La décision du Conseil d’Etat sur la station du Sauze en juin 20181 provoque une onde de choc dont on ne mesure pas encore les effets. Dans ce cas d’espèce, une convention « loi montagne » avait été rédigée entre la collectivité et l’opérateur privé historique de la station, propriétaire des remontées mécaniques, du foncier et d’autres biens de la concession. Arrivé au terme du contrat, déléguant et délégataire ont appliqué les clauses de « rachat » prévues au contrat, et se sont heurtés au contrôle de légalité qui considérait ces clauses comme illégales.
Depuis l’arrêt du Conseil d’État « Commune de Douai » de décembre 2012, on savait que les clauses d’indemnisation des biens de retour à des valeurs supérieures à la valeur nette comptable étaient regardées comme « non-conformes », ce qui pose un problème partout où de telles clauses ont été conclues (et notamment lorsque les exploitants étaient propriétaires des biens antérieurement à la loi montagne). L’arrêt « Sauze », rendu mi 2018 par la section du contentieux réunie au complet, va plus loin : il fait craindre que ces clauses soient pratiquement inopérantes (réputées non écrites), ce qui modifie l’équilibre économique du contrat. Cela pose aussi la question de l’expropriation des exploitants, que l’arrêt Commune de Douai avait épargnés2. De surcroît, il donne une vision très extensive des biens de retour, considérant que l’ensemble des biens de la concession sont des biens de retour. La décision de principe rendue en juin par le Conseil d’État est un revirement jurisprudentiel qui touche, directement ou indirectement, toutes les concessions de remontées mécaniques.
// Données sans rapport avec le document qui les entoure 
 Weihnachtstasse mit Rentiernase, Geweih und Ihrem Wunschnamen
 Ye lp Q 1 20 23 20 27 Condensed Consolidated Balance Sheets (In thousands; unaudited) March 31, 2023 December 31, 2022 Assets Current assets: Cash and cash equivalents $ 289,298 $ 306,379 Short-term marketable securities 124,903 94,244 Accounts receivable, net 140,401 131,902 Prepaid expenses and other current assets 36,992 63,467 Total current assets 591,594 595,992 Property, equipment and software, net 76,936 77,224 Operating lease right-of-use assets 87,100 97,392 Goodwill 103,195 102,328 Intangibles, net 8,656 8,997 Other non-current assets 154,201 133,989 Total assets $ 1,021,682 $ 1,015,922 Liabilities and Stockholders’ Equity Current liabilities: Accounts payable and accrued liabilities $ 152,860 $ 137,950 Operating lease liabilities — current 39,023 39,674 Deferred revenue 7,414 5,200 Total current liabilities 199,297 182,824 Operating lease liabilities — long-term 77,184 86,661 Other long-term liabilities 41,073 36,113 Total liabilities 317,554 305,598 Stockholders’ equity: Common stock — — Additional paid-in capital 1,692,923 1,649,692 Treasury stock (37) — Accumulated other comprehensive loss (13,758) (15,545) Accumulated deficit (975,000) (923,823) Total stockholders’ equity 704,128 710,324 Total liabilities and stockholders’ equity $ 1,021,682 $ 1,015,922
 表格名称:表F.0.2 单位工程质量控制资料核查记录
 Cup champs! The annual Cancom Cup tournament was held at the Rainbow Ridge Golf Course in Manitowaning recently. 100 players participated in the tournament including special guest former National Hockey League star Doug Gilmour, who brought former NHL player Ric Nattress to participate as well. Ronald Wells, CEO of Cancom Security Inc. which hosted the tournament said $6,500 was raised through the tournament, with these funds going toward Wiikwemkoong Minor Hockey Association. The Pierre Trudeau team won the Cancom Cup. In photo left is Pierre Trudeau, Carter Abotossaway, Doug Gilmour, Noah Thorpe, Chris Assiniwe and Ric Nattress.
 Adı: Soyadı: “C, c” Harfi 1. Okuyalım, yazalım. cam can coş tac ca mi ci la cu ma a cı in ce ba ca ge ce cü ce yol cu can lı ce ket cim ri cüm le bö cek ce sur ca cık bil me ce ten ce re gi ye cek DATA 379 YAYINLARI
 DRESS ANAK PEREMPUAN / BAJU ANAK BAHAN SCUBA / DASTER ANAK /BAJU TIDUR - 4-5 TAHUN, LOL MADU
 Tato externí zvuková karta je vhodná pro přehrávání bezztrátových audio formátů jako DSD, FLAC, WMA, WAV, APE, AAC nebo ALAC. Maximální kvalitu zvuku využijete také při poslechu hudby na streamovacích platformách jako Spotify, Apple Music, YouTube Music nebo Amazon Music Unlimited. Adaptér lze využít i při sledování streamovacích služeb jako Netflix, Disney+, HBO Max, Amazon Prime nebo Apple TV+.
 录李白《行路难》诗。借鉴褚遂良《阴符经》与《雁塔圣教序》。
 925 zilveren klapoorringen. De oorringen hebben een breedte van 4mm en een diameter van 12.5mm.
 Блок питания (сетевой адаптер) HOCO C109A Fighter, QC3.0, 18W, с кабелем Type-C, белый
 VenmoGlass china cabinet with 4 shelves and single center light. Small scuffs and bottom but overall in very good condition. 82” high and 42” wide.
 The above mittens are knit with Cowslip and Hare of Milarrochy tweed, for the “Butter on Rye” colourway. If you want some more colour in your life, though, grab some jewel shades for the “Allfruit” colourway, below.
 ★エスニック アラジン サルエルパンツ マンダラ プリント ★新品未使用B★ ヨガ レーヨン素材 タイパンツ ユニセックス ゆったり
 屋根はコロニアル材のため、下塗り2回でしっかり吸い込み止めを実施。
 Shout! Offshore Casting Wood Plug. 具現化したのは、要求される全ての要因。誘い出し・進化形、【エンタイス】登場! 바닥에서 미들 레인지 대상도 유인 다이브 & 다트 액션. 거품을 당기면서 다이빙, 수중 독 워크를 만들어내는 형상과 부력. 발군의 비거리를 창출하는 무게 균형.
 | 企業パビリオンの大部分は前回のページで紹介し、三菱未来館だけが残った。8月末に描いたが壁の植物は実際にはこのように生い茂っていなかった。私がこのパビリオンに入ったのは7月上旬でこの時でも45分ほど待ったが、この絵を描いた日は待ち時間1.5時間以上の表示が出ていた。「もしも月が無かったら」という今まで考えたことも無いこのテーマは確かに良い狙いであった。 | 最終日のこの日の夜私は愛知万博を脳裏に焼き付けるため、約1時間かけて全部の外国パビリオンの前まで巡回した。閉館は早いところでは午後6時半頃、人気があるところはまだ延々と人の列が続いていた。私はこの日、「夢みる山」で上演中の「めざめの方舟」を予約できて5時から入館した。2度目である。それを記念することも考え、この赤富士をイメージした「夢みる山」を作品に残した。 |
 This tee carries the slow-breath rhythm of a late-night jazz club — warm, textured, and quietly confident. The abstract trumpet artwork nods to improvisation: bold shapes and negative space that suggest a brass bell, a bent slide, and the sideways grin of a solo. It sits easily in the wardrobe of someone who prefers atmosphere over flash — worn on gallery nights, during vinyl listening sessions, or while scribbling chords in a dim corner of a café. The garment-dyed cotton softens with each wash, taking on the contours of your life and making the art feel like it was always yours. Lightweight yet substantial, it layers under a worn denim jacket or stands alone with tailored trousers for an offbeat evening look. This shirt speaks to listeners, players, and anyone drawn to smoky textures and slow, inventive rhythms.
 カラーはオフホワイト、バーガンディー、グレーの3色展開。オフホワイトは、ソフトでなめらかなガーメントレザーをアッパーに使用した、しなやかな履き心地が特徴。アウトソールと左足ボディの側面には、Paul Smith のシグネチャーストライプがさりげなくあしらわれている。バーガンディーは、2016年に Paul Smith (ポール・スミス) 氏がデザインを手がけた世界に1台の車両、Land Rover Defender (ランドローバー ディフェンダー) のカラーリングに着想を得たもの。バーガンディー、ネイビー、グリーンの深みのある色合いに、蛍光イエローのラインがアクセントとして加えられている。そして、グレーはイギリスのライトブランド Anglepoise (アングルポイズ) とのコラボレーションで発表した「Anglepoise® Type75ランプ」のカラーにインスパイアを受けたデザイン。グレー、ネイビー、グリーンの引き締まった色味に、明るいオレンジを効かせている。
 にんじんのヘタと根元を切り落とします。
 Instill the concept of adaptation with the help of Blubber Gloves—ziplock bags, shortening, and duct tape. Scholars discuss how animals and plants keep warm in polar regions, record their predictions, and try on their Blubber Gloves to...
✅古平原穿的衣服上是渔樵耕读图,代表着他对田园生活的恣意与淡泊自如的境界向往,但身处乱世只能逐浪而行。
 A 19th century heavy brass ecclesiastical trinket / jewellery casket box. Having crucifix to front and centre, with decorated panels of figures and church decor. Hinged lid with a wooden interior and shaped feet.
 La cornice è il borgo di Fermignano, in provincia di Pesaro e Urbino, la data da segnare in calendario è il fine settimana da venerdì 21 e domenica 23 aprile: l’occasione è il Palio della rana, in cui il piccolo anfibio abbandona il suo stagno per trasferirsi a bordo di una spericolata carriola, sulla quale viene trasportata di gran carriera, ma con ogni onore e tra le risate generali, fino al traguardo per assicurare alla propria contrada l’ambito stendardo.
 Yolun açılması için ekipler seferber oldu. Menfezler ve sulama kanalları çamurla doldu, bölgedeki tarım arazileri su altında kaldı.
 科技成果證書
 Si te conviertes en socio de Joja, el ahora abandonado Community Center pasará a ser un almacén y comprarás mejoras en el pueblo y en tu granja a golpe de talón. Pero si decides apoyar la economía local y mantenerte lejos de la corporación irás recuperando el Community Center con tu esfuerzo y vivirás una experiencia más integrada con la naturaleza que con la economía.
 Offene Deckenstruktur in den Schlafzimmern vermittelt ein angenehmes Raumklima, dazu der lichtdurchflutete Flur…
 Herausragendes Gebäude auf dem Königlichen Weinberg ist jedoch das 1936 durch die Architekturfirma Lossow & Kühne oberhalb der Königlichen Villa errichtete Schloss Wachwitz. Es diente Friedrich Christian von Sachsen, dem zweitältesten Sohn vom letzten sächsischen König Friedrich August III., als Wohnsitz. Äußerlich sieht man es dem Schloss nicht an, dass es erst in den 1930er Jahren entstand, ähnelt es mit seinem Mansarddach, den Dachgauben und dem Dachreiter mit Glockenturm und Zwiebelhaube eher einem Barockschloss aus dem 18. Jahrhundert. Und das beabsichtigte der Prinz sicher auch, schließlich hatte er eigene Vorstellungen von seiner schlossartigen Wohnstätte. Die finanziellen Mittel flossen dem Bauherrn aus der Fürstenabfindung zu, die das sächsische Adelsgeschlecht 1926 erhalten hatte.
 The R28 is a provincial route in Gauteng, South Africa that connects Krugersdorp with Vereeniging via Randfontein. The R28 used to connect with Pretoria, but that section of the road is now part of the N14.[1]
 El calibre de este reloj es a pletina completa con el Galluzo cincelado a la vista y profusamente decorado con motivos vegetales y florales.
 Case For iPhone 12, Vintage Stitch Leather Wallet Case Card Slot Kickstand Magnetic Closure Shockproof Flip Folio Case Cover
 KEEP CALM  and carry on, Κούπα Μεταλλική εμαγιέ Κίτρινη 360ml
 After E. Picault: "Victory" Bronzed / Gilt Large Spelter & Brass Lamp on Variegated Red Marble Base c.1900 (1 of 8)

L’impermanence des règles pose un problème de loyauté dès lors qu’on applique la nouvelle règle à des contrats signés antérieurement à l’arrêt « Commune de Douai ». C’est encore plus le cas lorsqu’il s’agit d’exploitants qui étaient propriétaires d’une exploitation (éléments corporels et incorporels) antérieurement à leur premier conventionnement et que tout le monde, conseils et administrations, poussait à signer des clauses d’indemnisation (regardées comme illégales trente ans plus tard).
Outre les contentieux qui ne manqueront pas de naître de cette situation invraisemblable, ces changements incessants sont de nature à détourner les investisseurs privés des domaines skiables. Une telle situation n’est bonne ni pour les délégants ni pour les délégataires.
Conscients des difficultés nées de l’application du régime des DSP aux remontées mécaniques, Domaines Skiables de France et l’Association Nationale des Maires des Stations de Montagne se sont déjà réunis plusieurs fois dans le but de formuler des propositions communes.
1 CE, 29 juin 2018, Ministre de l’intérieur c/ communauté de communes de la vallée de l’Ubaye, n° 402251
2 L’arrêt « Commune de Douai » ne prévoyait la propriété publique ab initio des biens de retour que pour les biens dont la réalisation a été mise à la charge du cocontractant par une DSP. Le cas où les investissements ont été réalisés hors conventionnement était donc exclu.